# Started having contractions last night that led to 2 broken ribs



## Croc-O-Dile

Well last night was sure eventful. Haley (one of my text buddies) went into labor and text me that she was at 4cm at the same moment I was having contractions that hurt like hell. So of course my first thought is, "Everybody jokes around about going into labor at the same time as their buddy, but I wonder if it's happened before?" :haha:

I started getting slight ribs pains that stretched my whole top abdomen around 2pm and they were only coming like every 30mins. So I ignored them, as I was in the middle of a bbq. Then around 7pm they started getting a lot worse and a lot stronger at only 10-15mins apart. I tried taking a hot bath, but it didn't help at all. Then at about 10pm I couldn't even stand up straight. I had a constant burning pain in two different spots on my ribs and I could move without screaming. So we went to L&D and they monitored me for an hour and a half and said I was having small contractions but they weren't more than 4 in an hour, although I was getting this pain every 5 minutes. :wacko:
They also did some kind of test to check if I would go into pre-term labor and it came back neg. :happydance:

So the nurse tried to tell me it was just the position of the baby and I got kind of nasty with her and told her "The baby HAS moved since 2pm! She's not THAT big! In fact, she's down at my pelvis right now!" So she felt on my ribs, and I almost scratched her eyes out. :blush: We're over 90% sure I broke one of the ribs on my right side and bruised a couple of them as well, and we're about 50/50 on whether I broke the rib on my left side or if she just bruised it beyond belief. 

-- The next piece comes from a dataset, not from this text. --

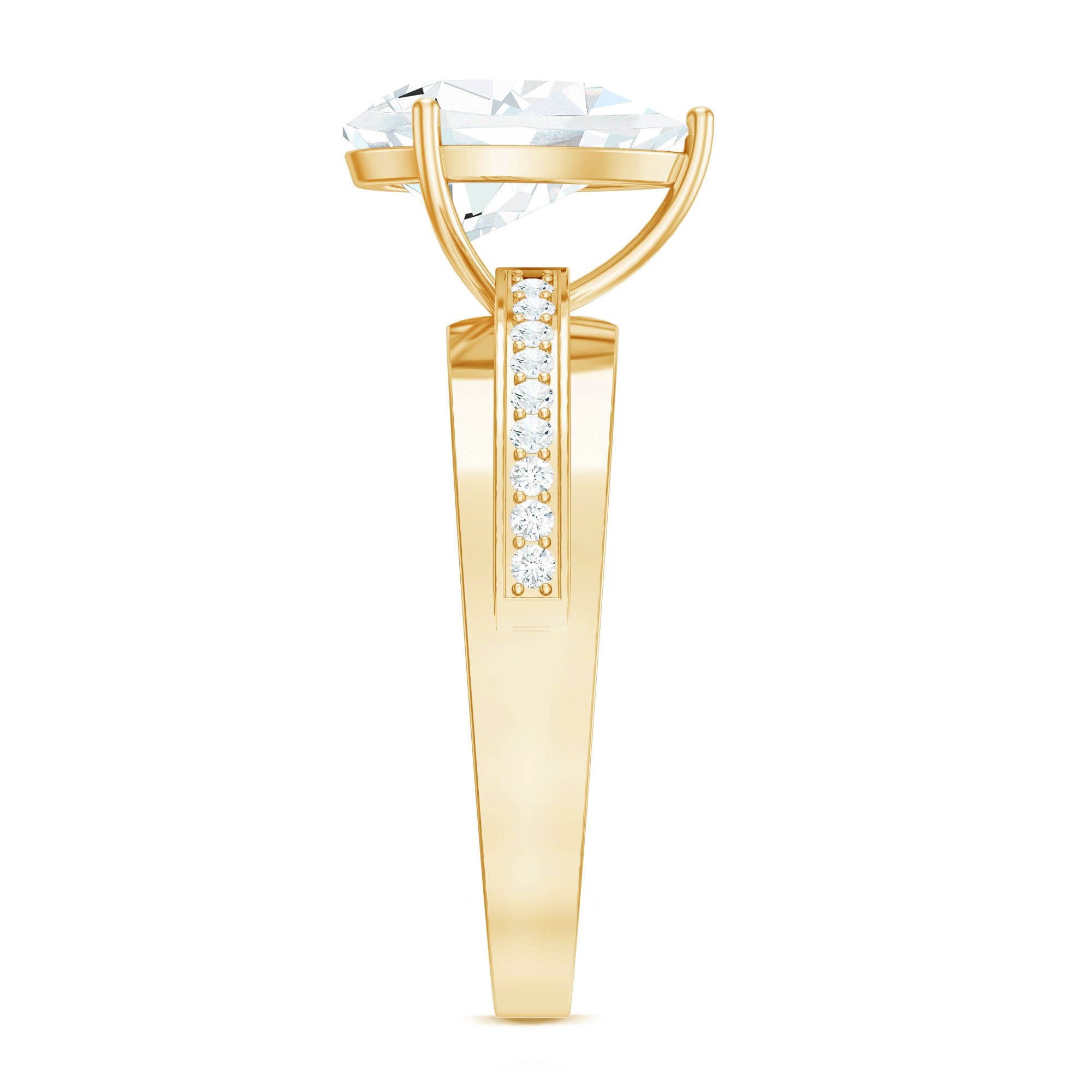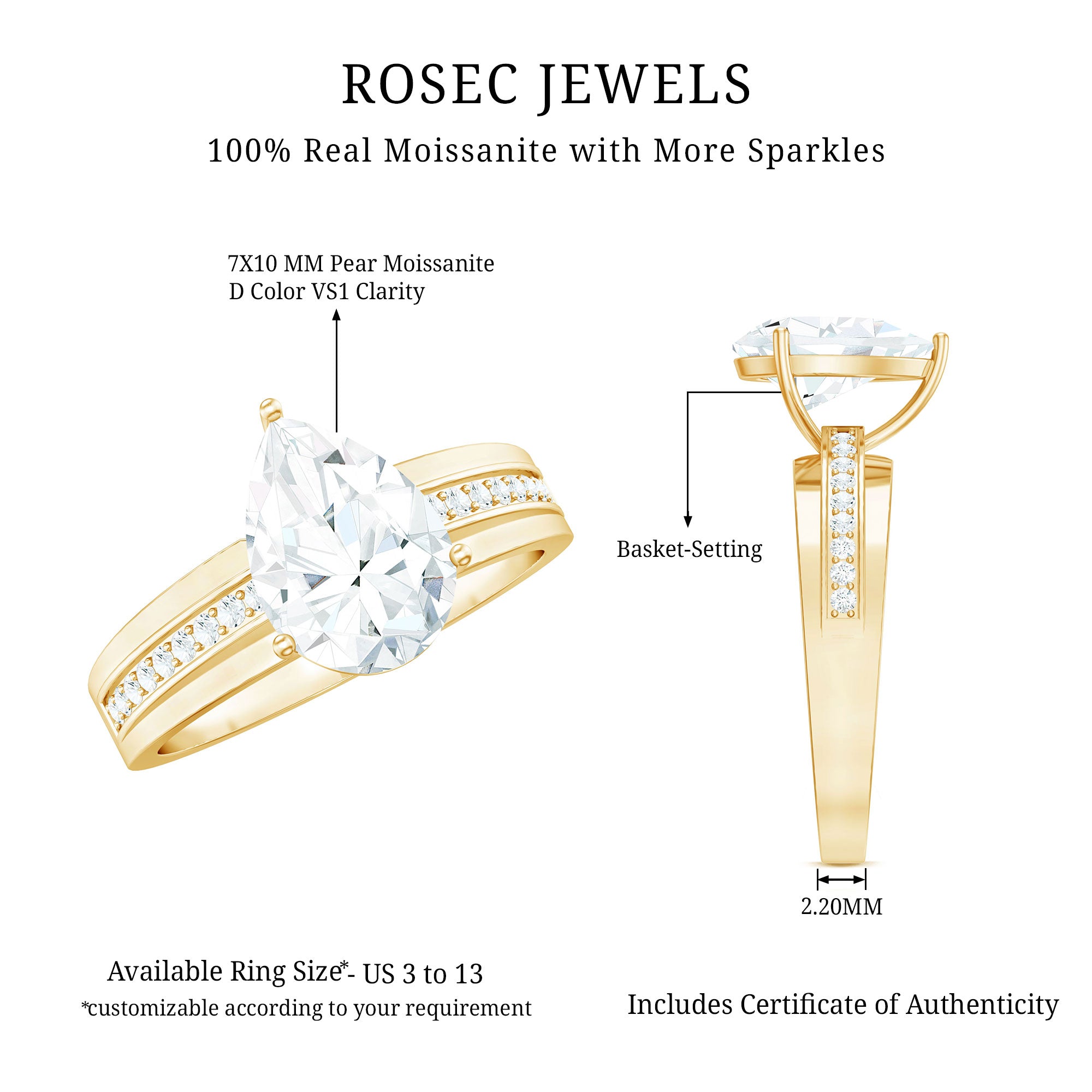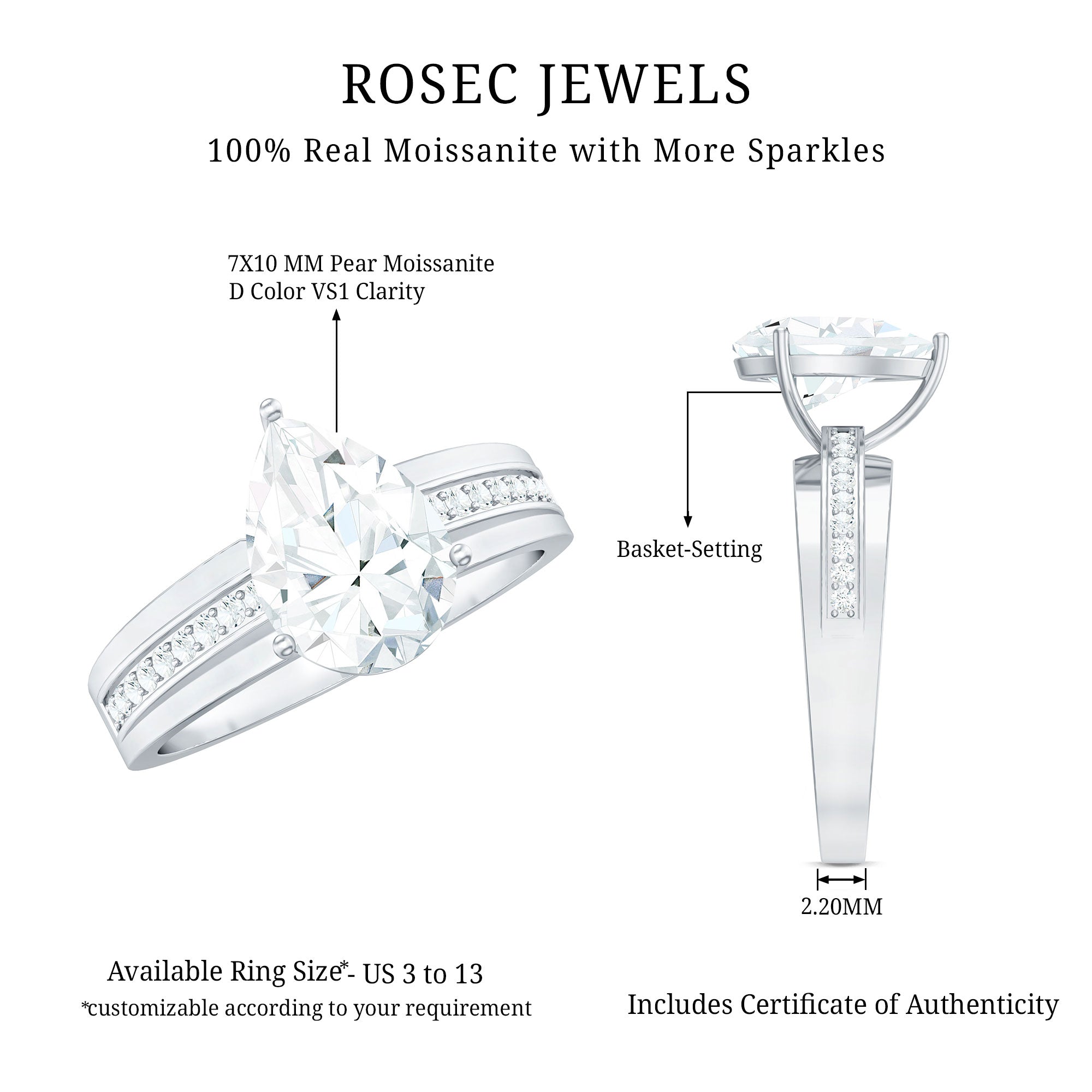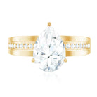 Say yes to forever with a ring that speaks volumes of grace and brilliance. This Moissanite Engagement Ring is a stunning fusion of timeless elegance and refined modern detail, perfect for a love that is one-of-a-kind. At the center of this romantic piece rests a 7X10 MM pear shaped moissanite, held securely in french setting. The teardrop silhouette brings a graceful flow and emotional depth, symbolizing the beauty of your love, laughter, and everything in between. Flanking the center stone are moissanite side stones set over the wide band, adding more sparkle to the design. Every element of this Teardrop Engagement Ring is thoughtfully crafted to enhance brilliance and elegance, giving it a refined yet statement-worthy presence. Crafted for the modern bride who appreciates both symbolism and style, this Pear Shaped Moissanite Ring is a radiant reflection of your journey together - bold, meaningful, and beautifully unique. Whether it is a proposal or a promise, this Solitaire Ring marks the start of something unforgettable. Let your love shine through every facet with a piece that blends classic romance with modern artistry, because your forever deserves nothing less.

They can't do anything about it, obviously, and I wasn't given anything for the pain. So I'm stuck in bed until I heal or give birth (because they might not heal until then) in constant pain, although it's gotten easier to manage and a lot less painful cause I'm not walking around or moving much. But every little movement Olivia makes hurts 100x worse. Tbh, it was the worst pain I've ever felt in my entire life.

My lesson learned from this: When in labor, GET AN EPIDURAL!


----------



## StarBound

I broke my ribs when i came off my 17.3hh horse 2 years ago and OUCH. 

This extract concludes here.